# Did Iran Dupe Bush Into Taking Out Saddam?



## MTPheas (Oct 8, 2003)

Was Bush's pal Chalabi a spy for Iran?
What did George Bush Sr. know?
This may all go back a lot longer than most people realize.

http://www.consortiumnews.com/2004/052504.html


----------



## Bobm (Aug 26, 2003)

Interesting article and I don't doubt there are parts of it that are true the problem is decideing which parts. I doubt the the Bushes don't talk to one another about these issues and thats the main point of this article and not credible. But there is a lot of mystery about Chalabi and we will probably never know what has taken place over issues in the middle east. I know some Iranians and I know some Israelis and they dispise one another so the idea that they were is cahoots seems like a stretch also, the more you read the more you wonder.
http://www.opinionjournal.com/editorial ... =110005128


----------



## Bobm (Aug 26, 2003)

Saddam's Files
New evidence of a link between Iraq and al Qaeda.

Thursday, May 27, 2004 12:01 a.m.

One thing we've learned about Iraq since the fall of Saddam Hussein is that the former dictator was a diligent record keeper. Coalition forces have found--literally--millions of documents. These papers are still being sorted, translated and absorbed, but they are already turning up new facts about Saddam's links to terrorism.
We realize that even raising this subject now is politically incorrect. It is an article of faith among war opponents that there were no links whatsoever--that "secular" Saddam and fundamentalist Islamic terrorists didn't mix. But John Ashcroft's press conference yesterday reminds us that the terror threat remains, and it seems especially irresponsible for journalists not to be open to new evidence. If the CIA was wrong about WMD, couldn't it have also missed Saddam's terror links?

One striking bit of new evidence is that the name Ahmed Hikmat Shakir appears on three captured rosters of officers in Saddam Fedayeen, the elite paramilitary group run by Saddam's son Uday and entrusted with doing much of the regime's dirty work. Our government sources, who have seen translations of the documents, say Shakir is listed with the rank of Lieutenant-Colonel.

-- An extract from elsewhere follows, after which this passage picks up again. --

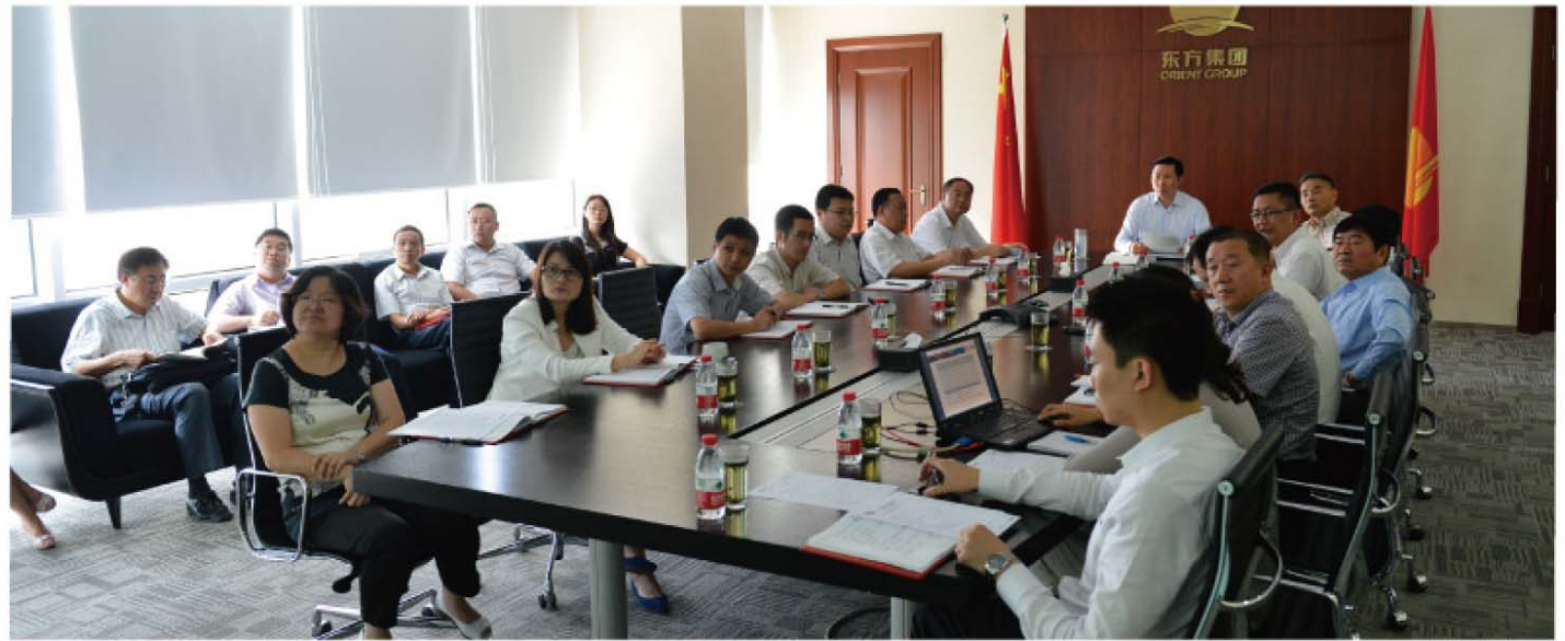
东方集团2012年年中工作会议现场

重，相互协调支持。加强公司班子建设、队伍建设、制度建设，健全公司管理体系，完善各项管理制度。重点落实赤峰、彭泽、东合三个矿山的的具体工作，在现有基础上，最大程度实现增产、增效，降低成本，提高效益。

*This matters because if Shakir was an officer in the Fedayeen, it would establish a direct link between Iraq and the al Qaeda operatives who planned 9/11. Shakir was present at the January 2000 al Qaeda "summit" in Kuala Lumpur, Malaysia, at which the 9/11 attacks were planned*. The U.S. has never been sure whether he was there on behalf of the Iraqi regime or whether he was an Iraqi Islamicist who hooked up with al Qaeda on his own.


----------